HTTP method and URL:

POST https://LOCATION-aiplatform.googleapis.com/v1/projects/PROJECT_ID/locations/LOCATION/publishers/google/models/MODEL_ID:GENERATE_RESPONSE_METHOD

Request JSON body:

{
  "contents": {
    "role": "ROLE",
    "parts": [
      {
        "inlineDATA": {
          "mimeType": "MIME_TYPE",
          "data": "B64_BASE_IMAGE"
        }
      },
      {
        "fileData": {
          "mimeType": "MIME_TYPE",
          "fileUri": "FILE_URI"
        }
      },
      {
        "text": "TEXT"
      }
    ]
  },
  "safety_settings": {
    "category": "SAFETY_CATEGORY",
    "threshold": "THRESHOLD"
  },
  "generation_config": {
    "temperature": TEMPERATURE,
    "topP": TOP_P,
    "topK": TOP_K,
    "candidateCount": 1,
    "maxOutputTokens": MAX_OUTPUT_TOKENS,
    "stopSequences": STOP_SEQUENCES,
  }
}

To send your request, choose one of these options:

curl

Save the request body in a file named request.json, and execute the following command:

curl -X POST \
-H "Authorization: Bearer $(gcloud auth print-access-token)" \
-H "Content-Type: application/json; charset=utf-8" \
-d @request.json \
"https://LOCATION-aiplatform.googleapis.com/v1/projects/PROJECT_ID/locations/LOCATION/publishers/google/models/MODEL_ID:GENERATE_RESPONSE_METHOD"

PowerShell

Save the request body in a file named request.json, and execute the following command:

$cred = gcloud auth print-access-token
$headers = @{ "Authorization" = "Bearer $cred" }

Invoke-WebRequest `
-Method POST `
-Headers $headers `
-ContentType: "application/json; charset=utf-8" `
-InFile request.json `
-Uri "https://LOCATION-aiplatform.googleapis.com/v1/projects/PROJECT_ID/locations/LOCATION/publishers/google/models/MODEL_ID:GENERATE_RESPONSE_METHOD" | Select-Object -Expand Content

You should receive a JSON response similar to the following.

Note the following in the URL for this sample:
  • Use the generateContent method to request that the response is returned after it's fully generated. To reduce the perception of latency to a human audience, stream the response as it's being generated by using the streamGenerateContent method.
  • The multimodal model ID is located at the end of the URL before the method (for example, gemini-1.5-flash or gemini-1.0-pro-vision). This sample may support other models as well.

Console

To send a multimodal prompt by using the Google Cloud console, do the following:

  1. In the Vertex AI section of the Google Cloud console, go to the Vertex AI Studio page.

    Go to Vertex AI Studio

  2. Under Prompt design (single turn), click Open.
  3. Configure the model and parameters:

    • Model: Select a model.
    • Region: Select the region that you want to use.
    • Temperature: Use the slider or textbox to enter a value for temperature.

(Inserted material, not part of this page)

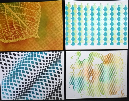 I bought exactly 4 new stencils recently! I used Distress inks on all of them, except I used a shimmery green paste on the scales stencil. The picture did not show the shimmer.

      The temperature is used for sampling during response generation, which occurs when topP and topK are applied. Temperature controls the degree of randomness in token selection. Lower temperatures are good for prompts that require a less open-ended or creative response, while higher temperatures can lead to more diverse or creative results. A temperature of 0 means that the highest probability tokens are always selected. In this case, responses for a given prompt are mostly deterministic, but a small amount of variation is still possible.

      If the model returns a response that's too generic, too short, or the model gives a fallback response, try increasing the temperature.

    • Token limit: Use the slider or textbox to enter a value for the max output limit.

      Maximum number of tokens that can be generated in the response. A token is approximately four characters. 100 tokens correspond to roughly 60-80 words.

      Specify a lower value for shorter responses and a higher value for potentially longer responses.

    • Add stop sequence (optional): Enter a stop sequence, which is a series of characters (including spaces) that stops response generation if the model encounters it. The sequence is not included as part of the response. You can add up to five stop sequences.
  4. Optional: To configure advanced parameters, click Advanced and configure as follows:
  5. Click to expand advanced configurations

    • Top-K: Use the slider or textbox to enter a value for top-K. (not supported for Gemini 1.5).

      Top-K changes how the model selects tokens for output. A top-K of 1 means the next selected token is the most probable among all tokens in the model's vocabulary (also called greedy decoding), while a top-K of 3 means that the next token is selected from among the three most probable tokens by using temperature.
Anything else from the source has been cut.